##### Recorded data

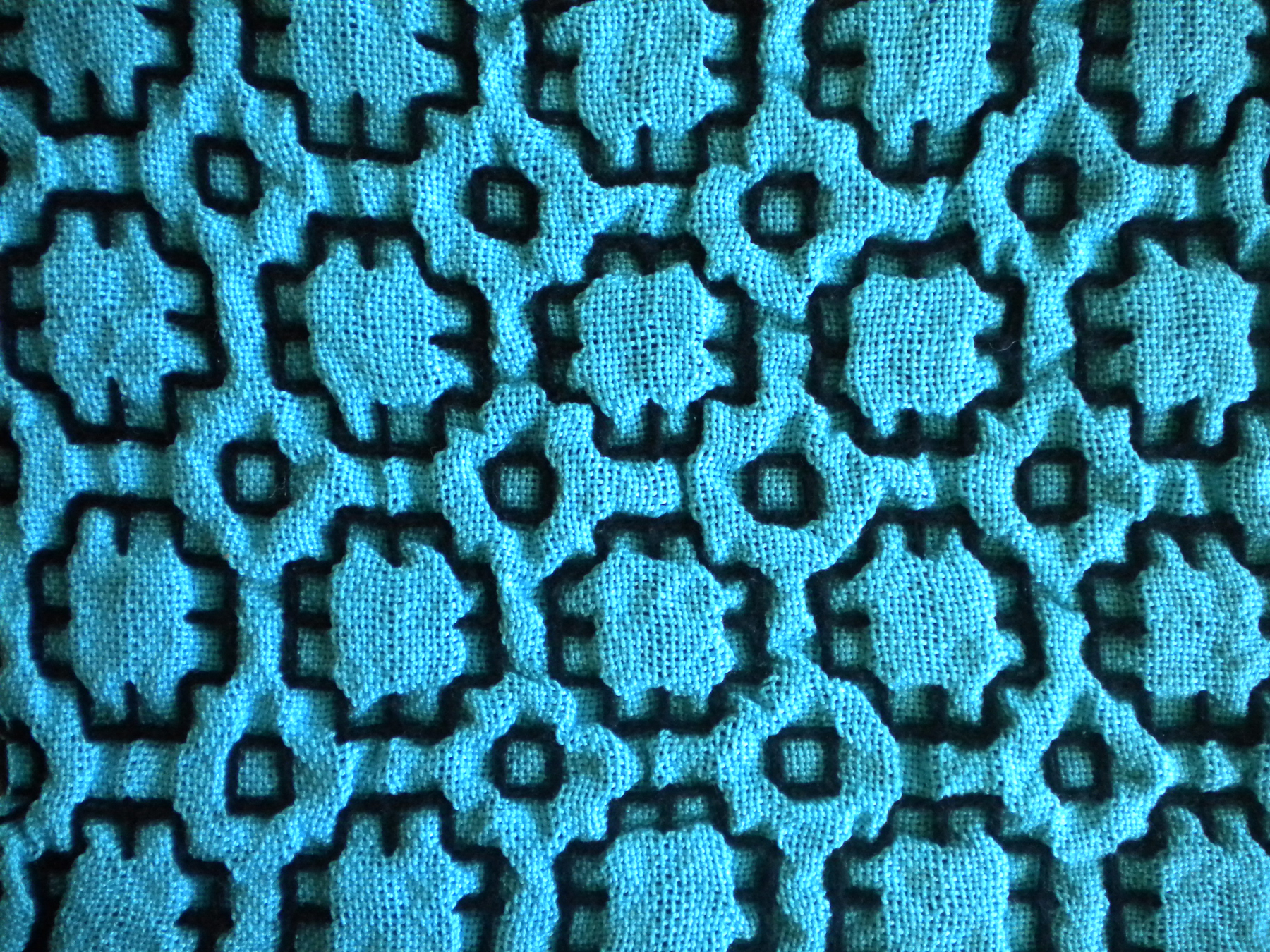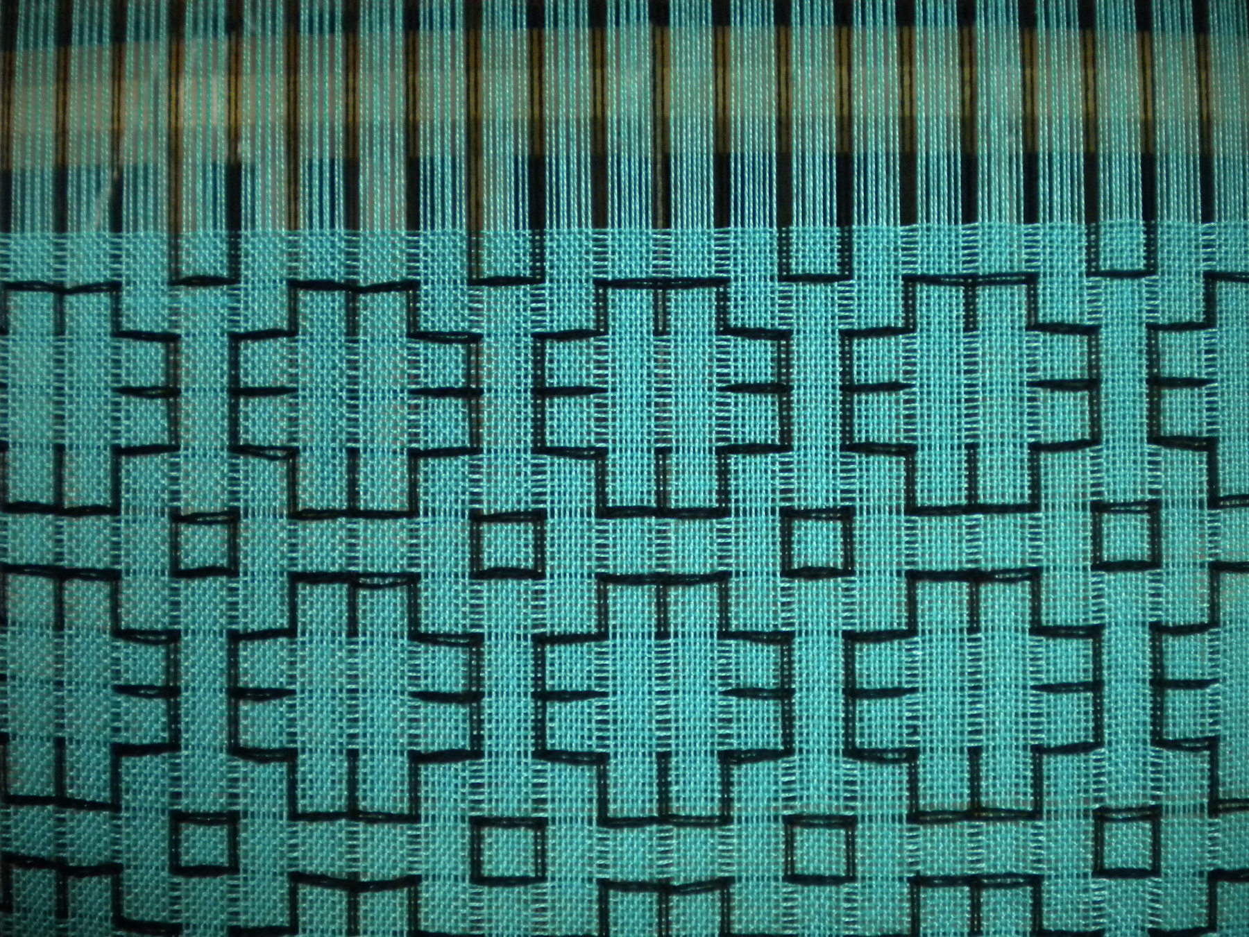 We each wove the first sample, cut it off, and washed it to see what the fabric would do. My draft used a fine wool with a 10/2 mercerized cotton. The wool shrunk, of course, which pulled the cotton areas together in puffy figures across the surface; fun! During the course of the weekend, we wove samples on each other’s looms and came away with 16 different examples of yarns doing strange things.
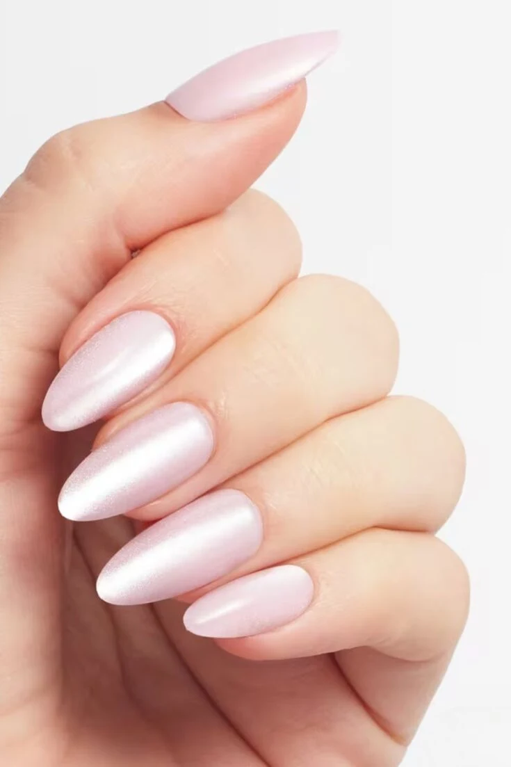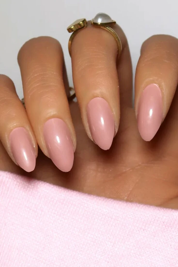 Short oval press-ons in a velvety beige-pink with a metallic sheen. Magical, trendy, and effortlessly elegant.
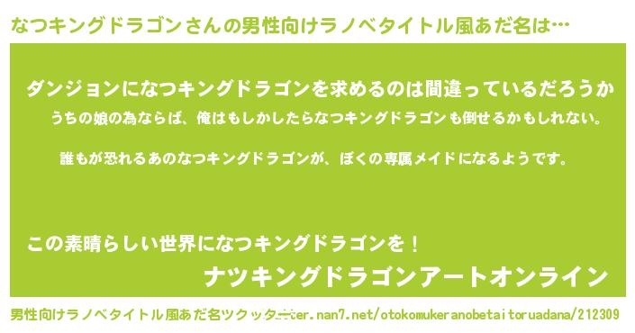 | 意味不明あだ名 | 『永久保存なつキングドラゴン』 |
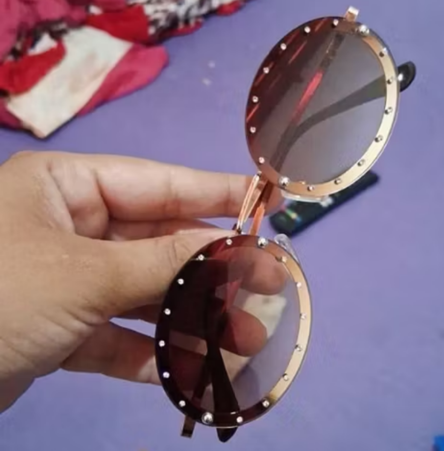 Óculos redondo com pedrarias marrom, contém proteção solar UV 400

##########

**Work instruction**
Could you print the data exactly as it appears and keep the pictures out?

**The completed task**
 We each wove the first sample, cut it off, and washed it to see what the fabric would do. My draft used a fine wool with a 10/2 mercerized cotton. The wool shrunk, of course, which pulled the cotton areas together in puffy figures across the surface; fun! During the course of the weekend, we wove samples on each other’s looms and came away with 16 different examples of yarns doing strange things.
 Short oval press-ons in a velvety beige-pink with a metallic sheen. Magical, trendy, and effortlessly elegant.
 | 意味不明あだ名 | 『永久保存なつキングドラゴン』 |
 Óculos redondo com pedrarias marrom, contém proteção solar UV 400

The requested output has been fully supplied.